With Buick now divorced from Opel and building a strong electric portfolio for China based on GM’s BEV2 platform, it’s time for us to take a look at the era leading into the 1990s, when front-wheel drive two-seater grand tourers like the Buick Reatta could serve as low-production halo cars for GM’s historic brands.
Welcome to Ad of the Week! Vintage ads are fun. They come from a time when enthusiasts gathered their knowledge mostly from print magazines, TV and radio ads, and billboards sized to fit several land yachts. We’ll be taking a deeper look at one every week to explain the claims, context, and how that all worked out in reality.
GM’s E-body coupes got smaller for 1986 in exchange for their unibody construction. Buick soon had to learn that its V6-powered seventh-generation Riviera wasn’t going to break any sales records, while at the same time, its engineers took multiple trips to Japan, England, Spain and Portugal to develop a new range-topping model for the brand, with most of the work done at GM’s British subsidiaries. The car’s completed assembly line was then shipped back to the Reatta Craft Center in Lansing, Michigan, only for Buick’s first production-bodied prototype to be ready by December 1986.
Using a transverse 3.8-liter Buick V6, the Reatta hit the market for 1988, which also happened to be the final year of the Pontiac Fiero GT, a mid-engine car with a 2.8-liter V6, as well as a new multilink rear suspension cooked up with the help of Lotus Engineering. While the limited production 1988 Fiero GT was priced just under $15,000, the Buick Reatta was launched at $25,000. Regardless, General Motors hoped to sell 20,000 units a year. The public bought 21,751 in four years, including the 2,437 ASC-designed convertibles in 1990 and 1991.
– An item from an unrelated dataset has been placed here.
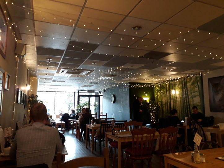 So today I popped in for lunch. The location has changed – it’s now on Grainger Street, so very handy for Central Station – but the vibe is very much the same. An impressive collection of cakes, snacks and main courses is available, and though I plumped just for rosemary chips (albeit they were slightly more on the potato wedge side), they were tasty and the coffee was good, and the place wasn’t too crowded, so I felt I could sit and relax. I’d like to go back when I have more time to try some of the more substantial fare (though the chips were blimmin filling enough), but for now I was just pleased to have a little blast of nostalgia (and some delicious grub).

To justify that price tag, and convince its customers that other E-bodies like the 1988 Oldsmobile Toronado Troféo had nothing on their “premium American motorcar”, Buick hit the ad pages with all the info an enthusiast could ask for. Even if most readers had no idea how the aerodynamic coefficient of .34 would compare to their cars’, or the most brick-like vehicles they could think of, perhaps the US Army’s Humvees.
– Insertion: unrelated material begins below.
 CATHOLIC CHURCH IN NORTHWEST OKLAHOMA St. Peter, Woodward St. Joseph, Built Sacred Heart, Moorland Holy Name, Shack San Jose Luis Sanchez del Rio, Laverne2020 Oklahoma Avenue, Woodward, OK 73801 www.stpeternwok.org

Buick wanted people to believe that regardless of the cost, they deserved to tread themselves with their front-wheel drive halo car. Everything about it oozed luxury: The 165-horsepower V6 with its sequential-port fuel injecting, counter-rotating balance shaft and roller valve lifter. The four-speed automatic transmission and the independent suspension with ABS in all corners. The standard six-way power leather seats, lockable storage compartments, and most importantly, Buick’s latest touchsceen-triggered Electronic Touch Climate Control.
If you were indeed a person of achievement who postponed some of life’s special pleasures on your way to where you are, the Buick Reatta, as well as its convertible sibling from 1990 could make up for all those pleasures right until GM decided to axe the model in 1991. Customers had to wait until Buick’s next convertible for 25 years, after which they got an Opel Astra. It’s just hard being Buick.